# [Directions]
Each line below needs to be returned exactly. Skip any picture.

# [Available data]
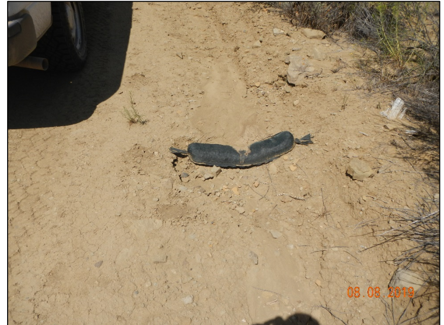
Photo #19. Erosion sediment moving off location and down access road at the entrance to location. BMP needs maintenance.
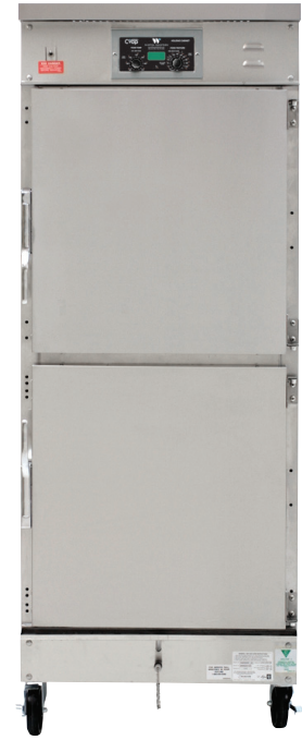
HL4522-SS CVAP HOLDING CABINET Electronic Differential Control

FULL SIZE MODEL, WITH FAN, STAINLESS STEEL (SHOWN)

# [Response below]
Photo #19. Erosion sediment moving off location and down access road at the entrance to location. BMP needs maintenance.
HL4522-SS CVAP HOLDING CABINET Electronic Differential Control

FULL SIZE MODEL, WITH FAN, STAINLESS STEEL (SHOWN)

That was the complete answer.